■ Input data:
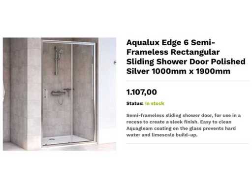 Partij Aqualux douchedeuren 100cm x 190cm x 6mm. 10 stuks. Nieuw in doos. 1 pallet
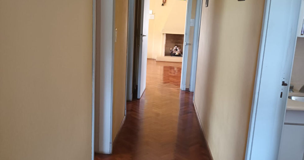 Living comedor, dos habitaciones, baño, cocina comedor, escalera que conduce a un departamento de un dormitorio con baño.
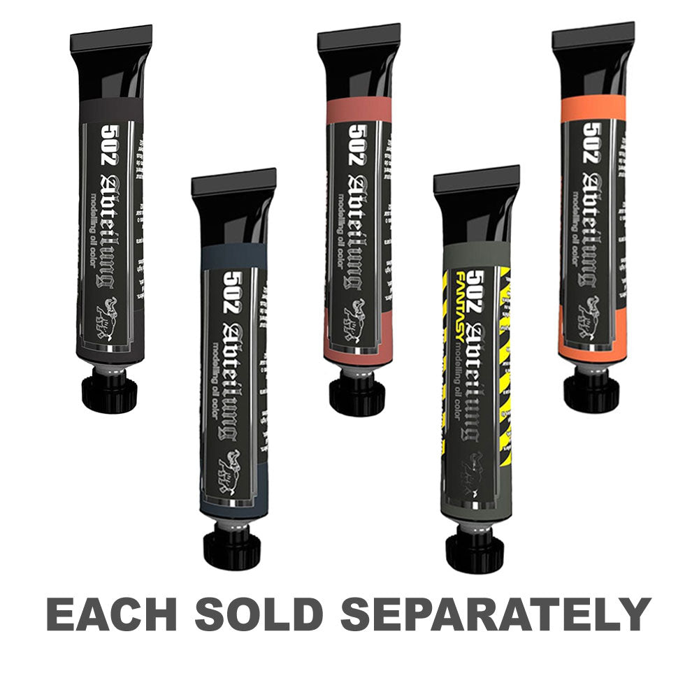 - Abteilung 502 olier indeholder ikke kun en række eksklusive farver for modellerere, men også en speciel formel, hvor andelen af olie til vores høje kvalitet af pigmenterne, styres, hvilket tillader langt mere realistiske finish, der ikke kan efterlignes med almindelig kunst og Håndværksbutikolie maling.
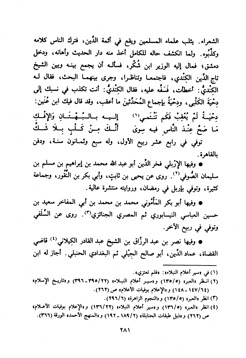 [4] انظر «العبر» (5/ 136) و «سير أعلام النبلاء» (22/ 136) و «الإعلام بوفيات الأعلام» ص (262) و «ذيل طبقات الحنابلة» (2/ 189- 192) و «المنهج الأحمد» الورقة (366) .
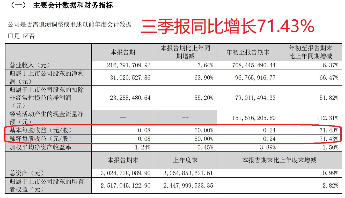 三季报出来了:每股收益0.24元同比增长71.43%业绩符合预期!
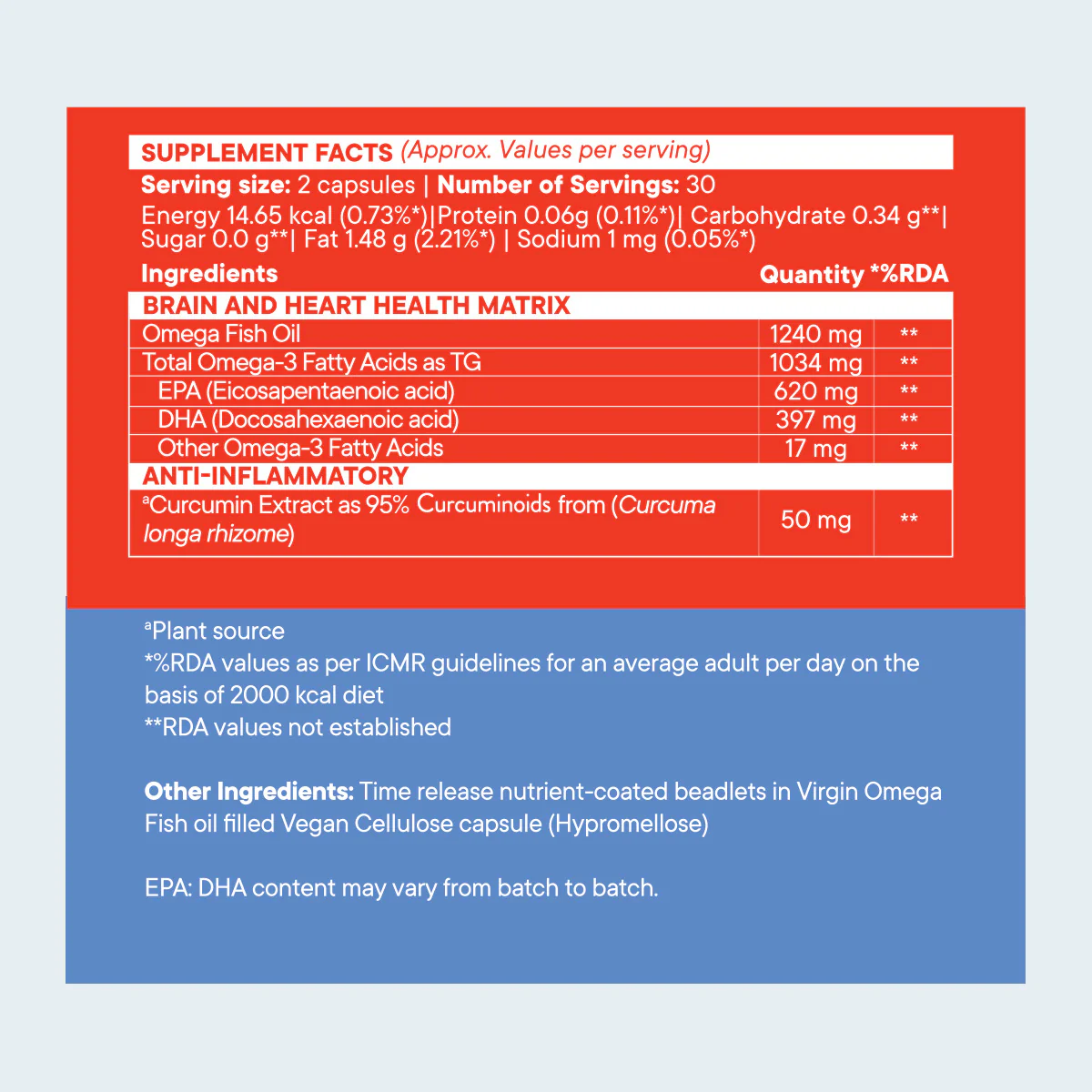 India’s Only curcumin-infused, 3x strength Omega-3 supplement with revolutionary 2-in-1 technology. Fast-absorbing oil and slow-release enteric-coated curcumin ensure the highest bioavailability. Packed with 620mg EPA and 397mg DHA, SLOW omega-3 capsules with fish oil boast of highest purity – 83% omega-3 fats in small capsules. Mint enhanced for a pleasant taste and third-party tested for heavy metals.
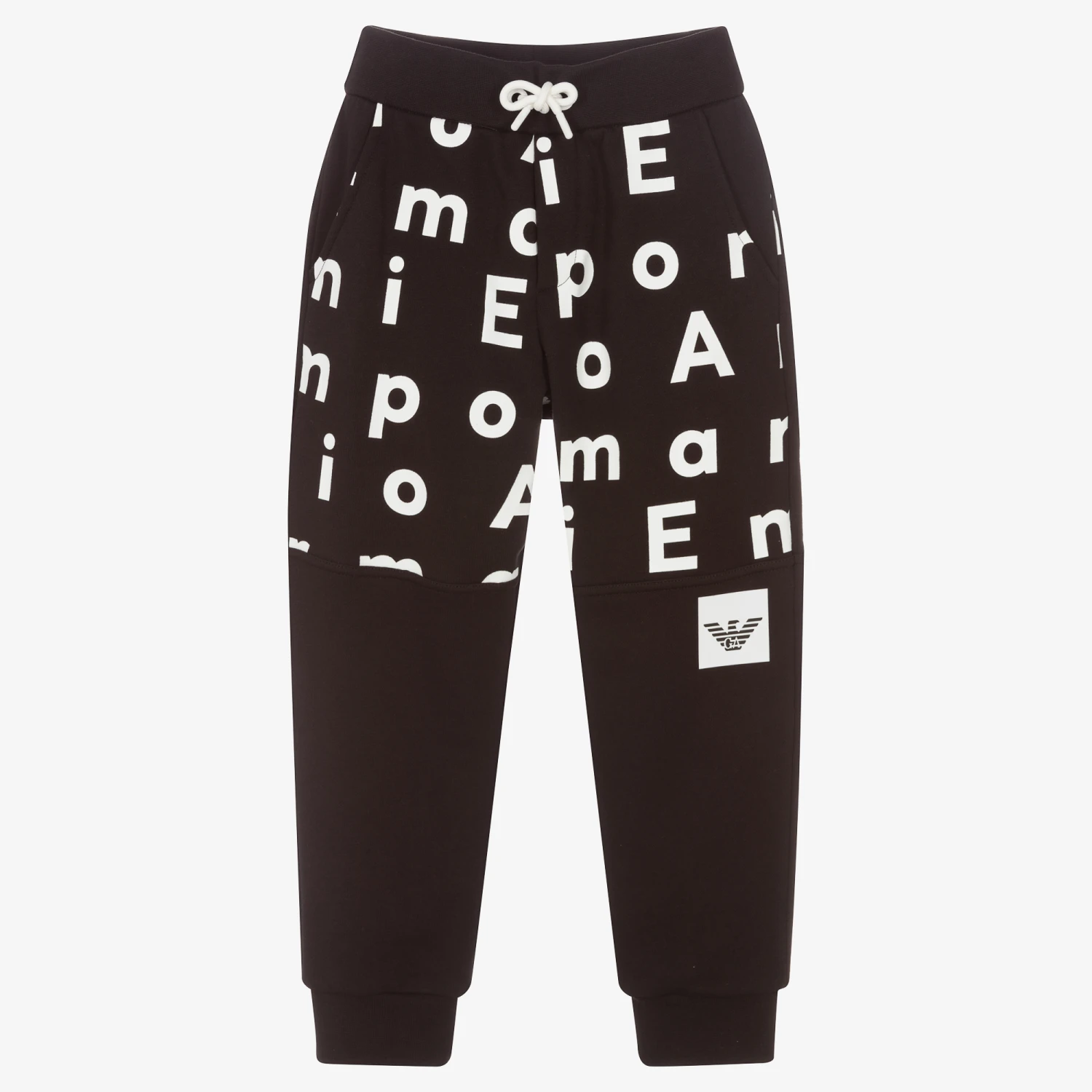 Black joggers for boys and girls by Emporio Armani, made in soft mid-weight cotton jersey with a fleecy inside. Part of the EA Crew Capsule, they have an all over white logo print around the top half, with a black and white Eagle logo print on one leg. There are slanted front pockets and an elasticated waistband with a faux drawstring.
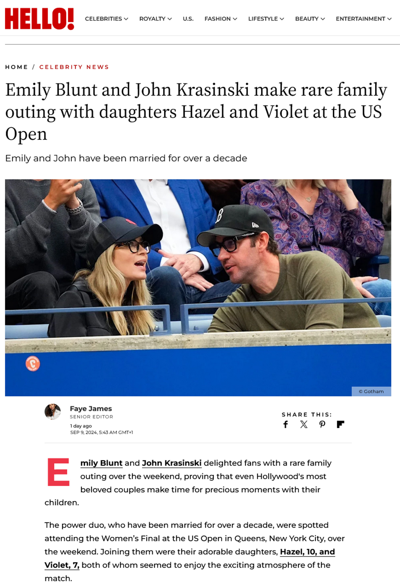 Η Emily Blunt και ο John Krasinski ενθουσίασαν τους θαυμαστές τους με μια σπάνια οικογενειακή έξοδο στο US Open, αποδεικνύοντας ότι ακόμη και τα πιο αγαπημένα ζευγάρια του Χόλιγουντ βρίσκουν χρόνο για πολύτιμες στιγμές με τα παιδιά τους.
==
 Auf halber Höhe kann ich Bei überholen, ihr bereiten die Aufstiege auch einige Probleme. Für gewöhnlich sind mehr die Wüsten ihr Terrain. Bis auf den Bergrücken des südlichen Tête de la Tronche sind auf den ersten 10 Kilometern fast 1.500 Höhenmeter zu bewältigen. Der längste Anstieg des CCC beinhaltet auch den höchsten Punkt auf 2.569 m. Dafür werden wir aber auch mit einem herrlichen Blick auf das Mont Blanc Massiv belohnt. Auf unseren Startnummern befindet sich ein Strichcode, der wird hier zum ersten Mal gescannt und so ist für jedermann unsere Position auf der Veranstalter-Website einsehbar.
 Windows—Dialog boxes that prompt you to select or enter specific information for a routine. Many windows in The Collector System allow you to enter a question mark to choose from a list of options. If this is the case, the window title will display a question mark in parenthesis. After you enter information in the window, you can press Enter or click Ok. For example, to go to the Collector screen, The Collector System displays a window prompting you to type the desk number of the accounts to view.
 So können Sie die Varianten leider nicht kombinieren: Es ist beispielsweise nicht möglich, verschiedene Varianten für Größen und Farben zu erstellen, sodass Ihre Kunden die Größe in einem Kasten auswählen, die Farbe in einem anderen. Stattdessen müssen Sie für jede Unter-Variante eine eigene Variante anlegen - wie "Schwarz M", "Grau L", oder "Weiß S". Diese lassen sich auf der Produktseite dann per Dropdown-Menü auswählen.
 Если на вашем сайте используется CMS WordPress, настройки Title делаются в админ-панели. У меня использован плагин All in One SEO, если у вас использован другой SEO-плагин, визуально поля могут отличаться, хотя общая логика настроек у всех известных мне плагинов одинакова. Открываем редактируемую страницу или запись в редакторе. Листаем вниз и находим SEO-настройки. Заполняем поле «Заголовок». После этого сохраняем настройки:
==
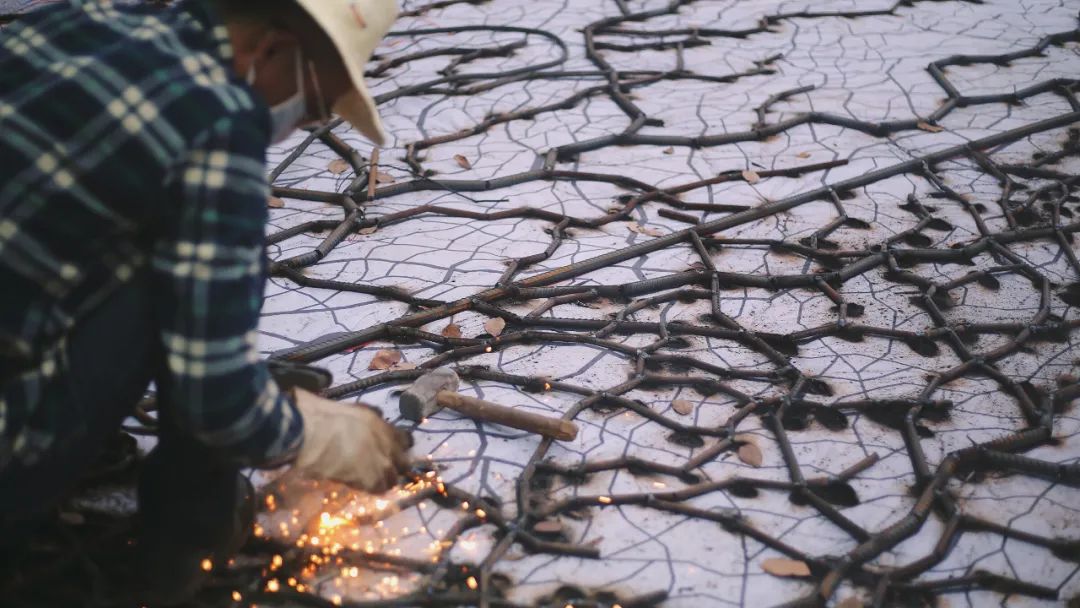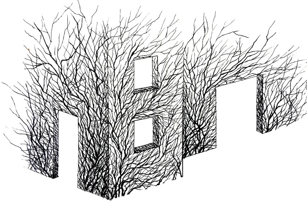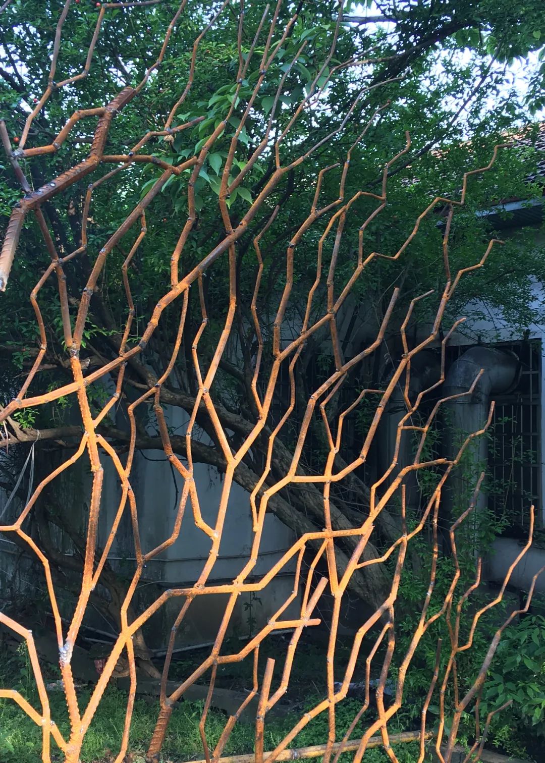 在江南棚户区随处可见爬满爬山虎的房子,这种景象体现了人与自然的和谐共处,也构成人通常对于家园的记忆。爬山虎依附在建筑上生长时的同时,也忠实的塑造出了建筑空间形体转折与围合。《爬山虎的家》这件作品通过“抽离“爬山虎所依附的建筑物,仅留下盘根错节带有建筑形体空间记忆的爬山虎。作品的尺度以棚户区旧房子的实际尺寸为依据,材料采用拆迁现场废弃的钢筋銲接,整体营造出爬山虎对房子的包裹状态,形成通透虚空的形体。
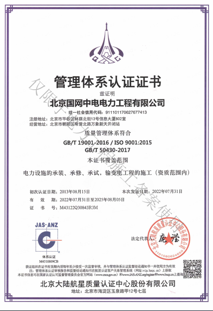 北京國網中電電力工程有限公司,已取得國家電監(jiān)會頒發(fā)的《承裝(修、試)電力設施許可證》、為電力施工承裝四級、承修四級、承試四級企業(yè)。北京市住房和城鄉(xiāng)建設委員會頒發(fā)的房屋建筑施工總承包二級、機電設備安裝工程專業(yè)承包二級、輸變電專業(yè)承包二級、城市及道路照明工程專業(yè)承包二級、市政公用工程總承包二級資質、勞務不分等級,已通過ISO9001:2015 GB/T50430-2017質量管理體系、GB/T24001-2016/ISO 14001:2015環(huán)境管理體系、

■ Directions for this task: Your reply should hold nothing but the lines above, from the one containing "India’s Only curcumin-infused, 3x" to the one containing "Η Emily Blunt", reproduced exactly minus the pictures.

■ The answer:
 India’s Only curcumin-infused, 3x strength Omega-3 supplement with revolutionary 2-in-1 technology. Fast-absorbing oil and slow-release enteric-coated curcumin ensure the highest bioavailability. Packed with 620mg EPA and 397mg DHA, SLOW omega-3 capsules with fish oil boast of highest purity – 83% omega-3 fats in small capsules. Mint enhanced for a pleasant taste and third-party tested for heavy metals.
 Black joggers for boys and girls by Emporio Armani, made in soft mid-weight cotton jersey with a fleecy inside. Part of the EA Crew Capsule, they have an all over white logo print around the top half, with a black and white Eagle logo print on one leg. There are slanted front pockets and an elasticated waistband with a faux drawstring.
 Η Emily Blunt και ο John Krasinski ενθουσίασαν τους θαυμαστές τους με μια σπάνια οικογενειακή έξοδο στο US Open, αποδεικνύοντας ότι ακόμη και τα πιο αγαπημένα ζευγάρια του Χόλιγουντ βρίσκουν χρόνο για πολύτιμες στιγμές με τα παιδιά τους.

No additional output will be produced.